И это хорошо. Или, по крайней мере, к лучшему. В последние дни, решившись уехать, он старался отдалиться от нее. Эти усилия отбирали столько сил, что стоило остаться в одиночестве, как он уступал неистовому желанию рисовать ее. Он заполнил целый альбом изгибами ее шеи, мраморными ключицами, копной черных волос.
Он смотрел на набросок, ничуть не смущенный тем, что его застали за рисованием ее портрета. Он содрогнулся, понимая, что, если она узнает о его чувствах, это погубит ее. Нужно быть осторожнее. Это всегда начиналось именно так.
– Теплое молоко с ложкой патоки, – пробормотал он, по-прежнему стоя к ней спиной, и грустно добавил: – Это поможет вам уснуть.
– Как странно! Именно к этому средству обычно прибегала моя мать…
– Я знаю, – ответил он, оборачиваясь.
Он знал, что она удивится, хотя и не смог бы ничего объяснить, поведать о том, сколько раз предлагал ей подобное питье, когда являлись тени, и он держал ее в объятиях до тех пор, пока она не засыпала.
Ее прикосновение словно прожгло его рубашку. Ладонь мягко легла ему на плечо. У него перехватило дыхание. В этой жизни они еще ни разу не дотрагивались друг до друга, а первое прикосновение всегда действовало на него именно так.

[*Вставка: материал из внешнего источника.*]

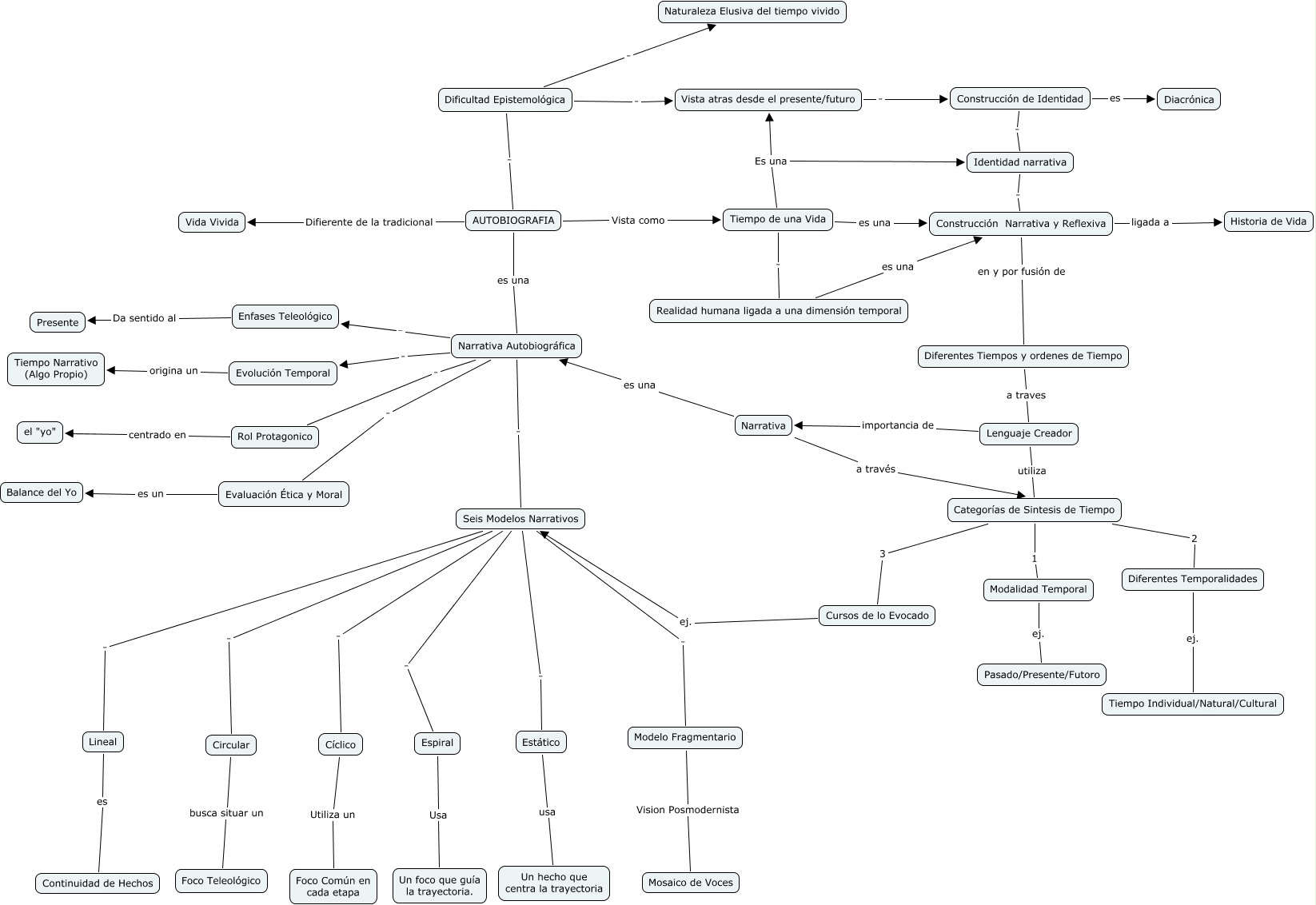 Este Cmap, tiene información relacionada con: Brockmeier, Seis Modelos Narrativos . Estático, Seis Modelos Narrativos . Lineal, Estático usa Un hecho que centra la trayectoria, Seis Modelos Narrativos . Circular, Evaluación Ética y Moral es un Balance del Yo, Rol Protagonico centrado en el "yo", Dificultad Epistemológica . Vista atras desde el presente/futuro, Tiempo de una Vida Es una Identidad narrativa, Seis Modelos Narrativos . Espiral, Dificultad Epistemológica . AUTOBIOGRAFIA, Realidad humana ligada a una dimensión temporal es una Construcción Narrativa y Reflexiva, Construcción de Identidad . Identidad narrativa, AUTOBIOGRAFIA es una Narrativa Autobiográfica, Lineal es Continuidad de Hechos, Vista atras desde el presente/futuro . Construcción de Identidad, Lenguaje Creador importancia de Narrativa, Tiempo de una Vida . Realidad humana ligada a una dimensión temporal, Seis Modelos Narrativos . Modelo Fragmentario, AUTOBIOGRAFIA Difierente de la tradicional Vida Vivida, Categorías de Sintesis de Tiempo 1 Modalidad Temporal

– Скажите же мне, – прошептала она, – вы уезжаете?
– Да.
– Возьмите меня с собой! – выпалила она.
И тут же задохнулась, мгновенно пожалев, что не сможет забрать свою просьбу обратно. Он видел, как меняются ее чувства: пылкость, смущение и, наконец, стыд за собственную дерзость. С ней всегда бывало так, и слишком много раз он уже совершал одну и ту же ошибку, утешая ее в этот самый миг.
– Нет, – шепнул он. – Я отплываю завтра. И если я вам небезразличен, вы не произнесете больше ни слова.
– Если вы мне небезразличны, – эхом отозвалась она. – Я… я люблю.
– Остановитесь.
– Но я должна сказать! Я люблю вас и уверена в этом. Вы должны верить мне! И если вы уедете…
– Если я уеду, этим спасу вам жизнь, – медленно проговорил он, желая пробудить ее память. Но возможно ли это? – Существуют вещи важнее любви. Вы не поймете, однако вам придется поверить мне.
Впившись в него взглядом, она отступила на шаг и скрестила на груди руки. И это тоже его вина. Разговаривая снисходительно, он всегда пробуждал в ней высокомерие.
– Вы хотите сказать, что существует нечто важнее любви? – Она взяла его за руки и приблизила их к своему сердцу.
О, как бы ему хотелось оказаться на ее месте, не ведая о том, что надвигается! Или хотя бы стать сильнее, остановить ее. Если он ей не помешает, она так никогда и не узнает, а прошлое повторится, терзая их снова и снова.
Знакомое тепло ее кожи заставило его запрокинуть голову и застонать. Он боролся с собой, пытался не вспоминать вкус ее губ. Не думать, насколько ему горько оттого, что всему этому суждено закончиться. Она поглаживала его руки. Сквозь тонкую хлопковую ткань он чувствовал, как бьется ее сердце.
Она права. Нет ничего важнее любви. И никогда не было. Он почти сдался, готовый уступить и заключить ее в объятия, когда заметил выражение ее глаз. Словно она увидела призрака.
Она отстранилась и, прижав ладонь ко лбу, прошептала:
– У меня какое-то странное ощущение. Нет! Неужели слишком поздно?